DISCLOSURE OF INVENTION
[0009] It is a first object of the present invention to provide a
base station apparatus and a channel allocation method capable of
promoting channel segregation and performing efficient channel
searching.
[0010] This object can be attained by searching for channels where
call terminations have occurred with high priority because such
channels are more likely to accommodate calls and thereby carrying
out efficient channel searching.
[0011] It is a second object of the present invention to provide a
base station apparatus and a channel allocation method capable of
promoting channel allocation based on the content of a precedence
table that reflects the current channel quality.
[0012] This object can be attained by carrying out processing of
updating the precedence table at timing other than the channel
allocation timing such as after a lapse of a certain period or
timing corresponding to a call termination as well.

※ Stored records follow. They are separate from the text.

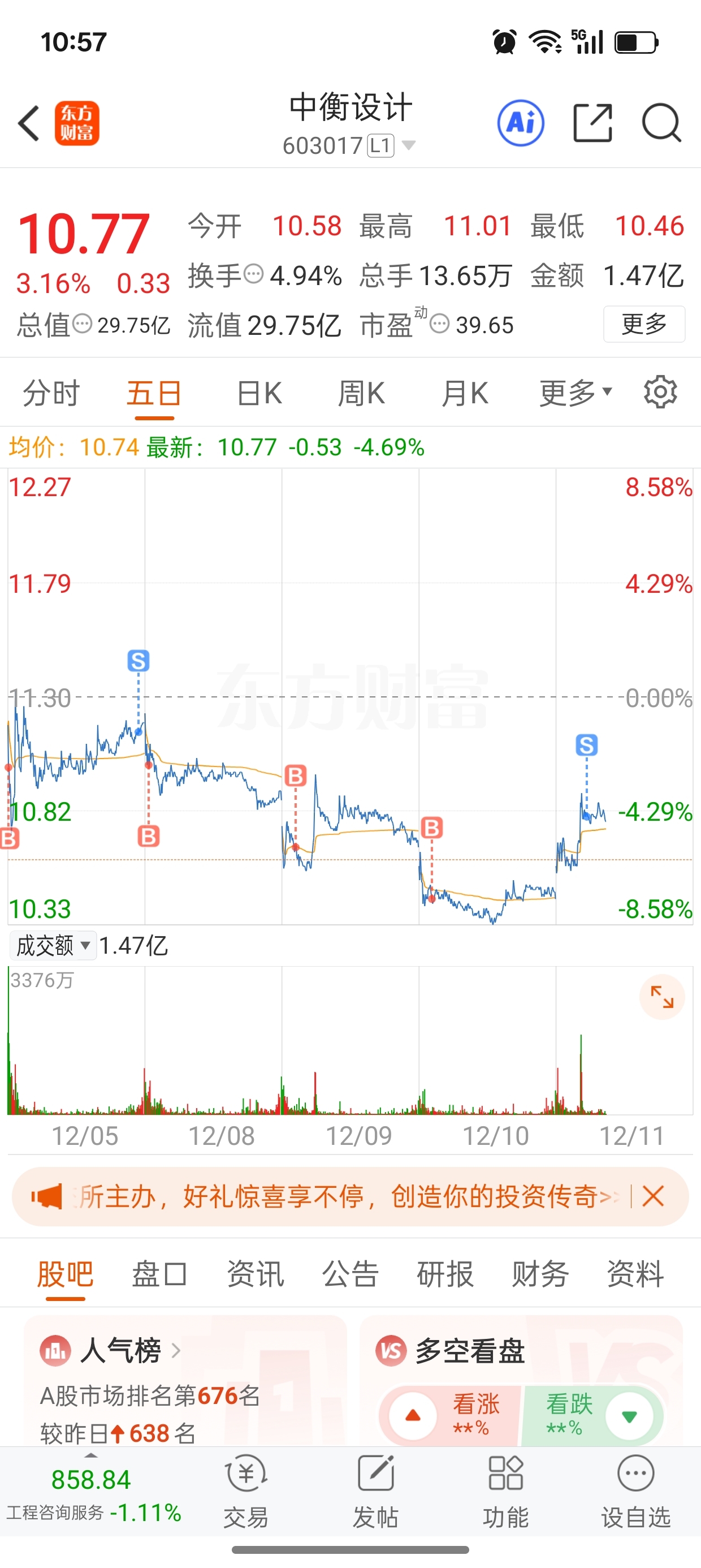 $中衡设计(SH603017)$ 以为今天没啥好看的 上来一看有惊喜 立马t出来被套的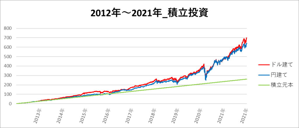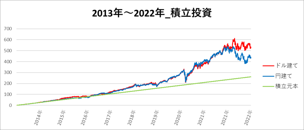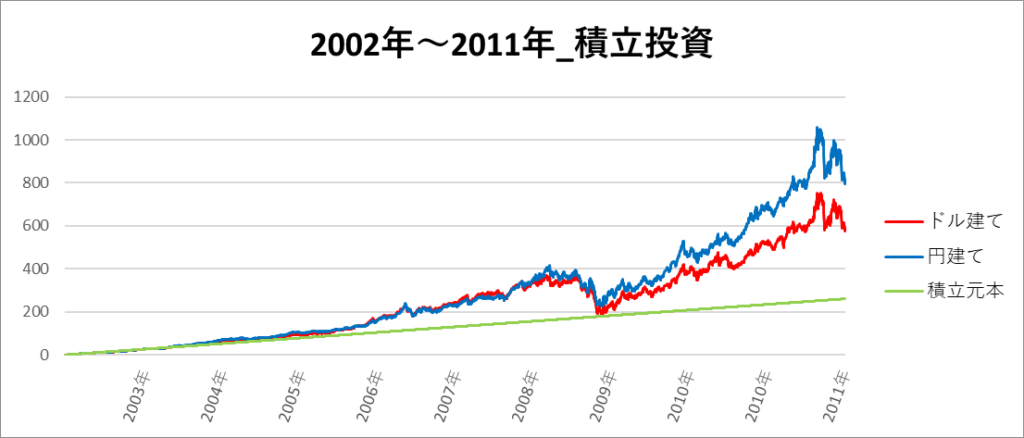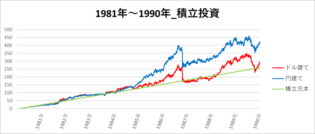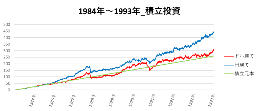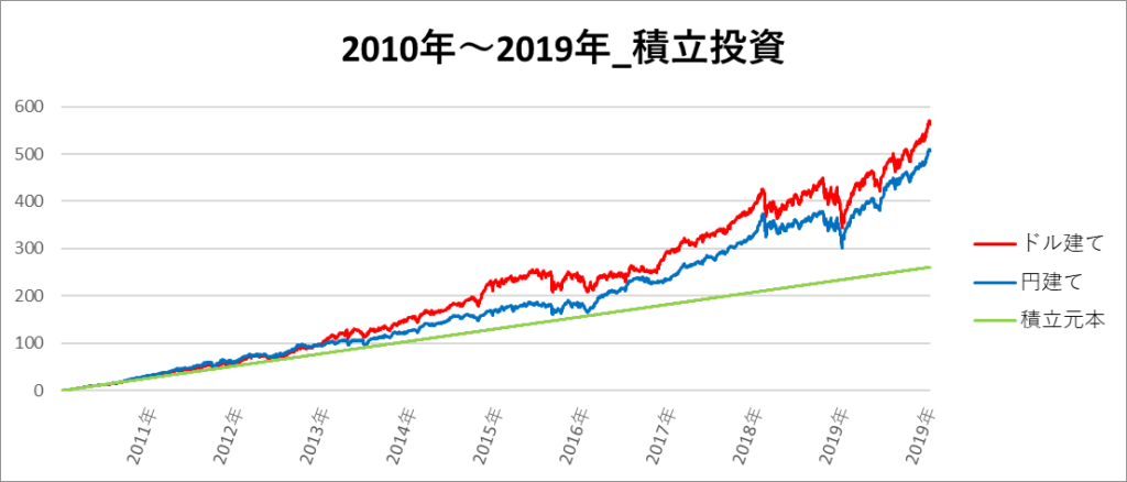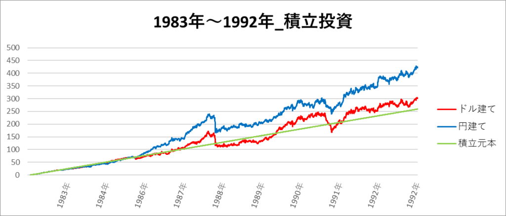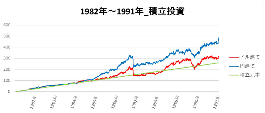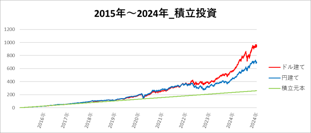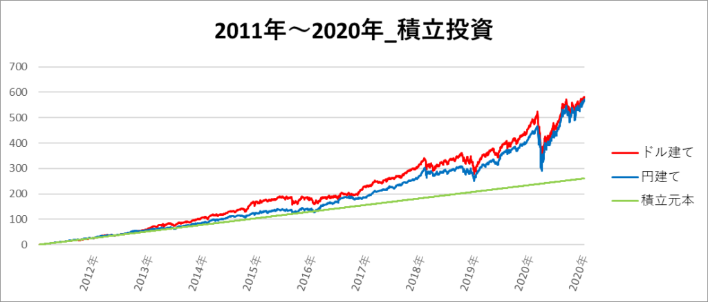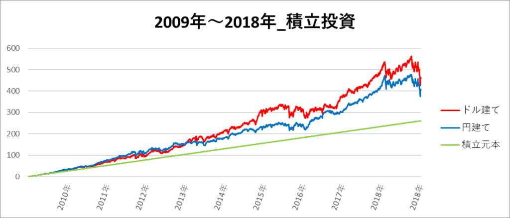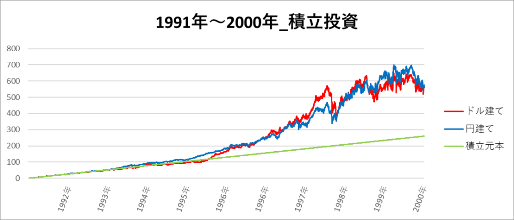 円建てとドル建ての2パターンを比較できるようにグラフに表記しているので、見比べて見てください。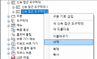 - 삭제할 신속 접근 도구막대를 마우스 오른쪽 버튼으로 클릭하고 삭제를 클릭합니다.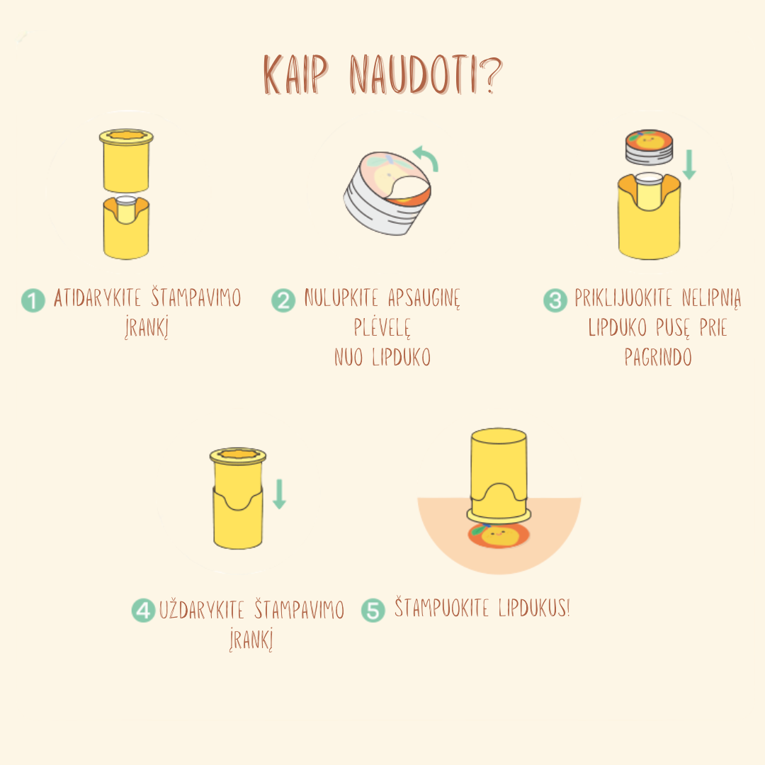 5. Lengvai paspauskite žemyn štampavimo įrankį, taip užklijuosite lipduką.

BRIEF DESCRIPTION OF DRAWINGS
[0013] FIG. 1 is a flow chart showing a channel allocation method
in a conventional TDMA communication system;
[0014] FIG. 2 is a block diagram showing a configuration of a
communication terminal apparatus that communicates with a base
station apparatus according to Embodiment 1 of the present
invention;
[0015] FIG. 3 is a block diagram showing a configuration of the
base station apparatus according to Embodiment 1 of the present
invention;
[0016] FIG. 4 illustrates an example of an internal configuration
of a precedence table of the base station apparatus according to
Embodiment 1 of the present invention;
[0017] FIG. 5 is a flow chart showing a channel allocation method
according to Embodiment 1 of the present invention;
[0018] FIG. 6 illustrates an example of an internal configuration
of a precedence table of a base station apparatus according to
Embodiment 2 of the present invention;
[0019] FIG. 7 is a block diagram showing a configuration of a base
station apparatus according to Embodiment 3 of the present
invention;
[0020] FIG. 8 is a flow chart showing channel allocation processing
according to Embodiment 3 of the present invention;
[0021] FIG. 9 is a flow chart showing uplink channel allocation
processing according to Embodiment 3 of the present invention;
[0022] FIG. 10 is a flow chart showing downlink channel allocation
processing according to Embodiment 3 of the present invention;
[0023] FIG. 11 is a flow chart showing update processing of a
channel allocation precedence function during handover according to
Embodiment 3 of the present invention;
[0024] FIG. 12 is a block diagram showing a configuration of a
communication terminal apparatus that communicates with a base
station apparatus according to Embodiment 4 of the present
invention;
[0025] FIG. 13 is a block diagram showing a configuration of the
base station apparatus according to Embodiment 4 of the present
invention;
[0026] FIG. 14 is a flow chart showing update processing of a
precedence table according to Embodiment 4 of the present
invention;
[0027] FIG. 15 is a flow chart showing update processing of a
precedence table according to Embodiment 5 of the present
invention;
[0028] FIG. 16 is a block diagram showing a configuration of a base
station apparatus according to Embodiment 6 of the present
invention;
[0029] FIG. 17 illustrates an internal configuration of an uplink
precedence table according to Embodiment 6 of the present
invention;
[0030] FIG. 18 is a flow chart showing an uplink channel allocation
method in the base station apparatus according to Embodiment 6 of
the present invention;
[0031] FIG. 19 is a block diagram showing a configuration of a base
station apparatus according to Embodiment 7 of the present
invention;
[0032] FIG. 20 illustrates an internal configuration of an uplink
precedence table according to Embodiment 7 of the present
invention;
[0033] FIG. 21 is a flow chart showing an uplink channel allocation
method of the base station apparatus according to Embodiment 7 of
the present invention;
[0034] FIG. 22 is a block diagram showing a configuration of a base
station apparatus according to Embodiment 8 of the present
invention;
[0035] FIG. 23 is a block diagram showing a configuration of a base
station apparatus according to Embodiment 9 of the present
invention;
[0036] FIG. 24A illustrates an example of a situation of code
multiplexing in each slot;
[0037] FIG. 24B illustrates an example of a situation of code
multiplexing in each slot; and
[0038] FIG. 25 is a flow chart showing an IHO procedure of the base
station apparatus according to Embodiment 9 of the present
invention.
BEST MODE FOR CARRYING OUT THE INVENTION
[0039] With reference now to the attached drawings, embodiments of
the present invention will be explained below.
[0040] (Embodiment 1)
[0041] FIG. 2 is a block diagram showing a configuration of a
communication terminal apparatus that communicates with a base
station apparatus according to Embodiment 1.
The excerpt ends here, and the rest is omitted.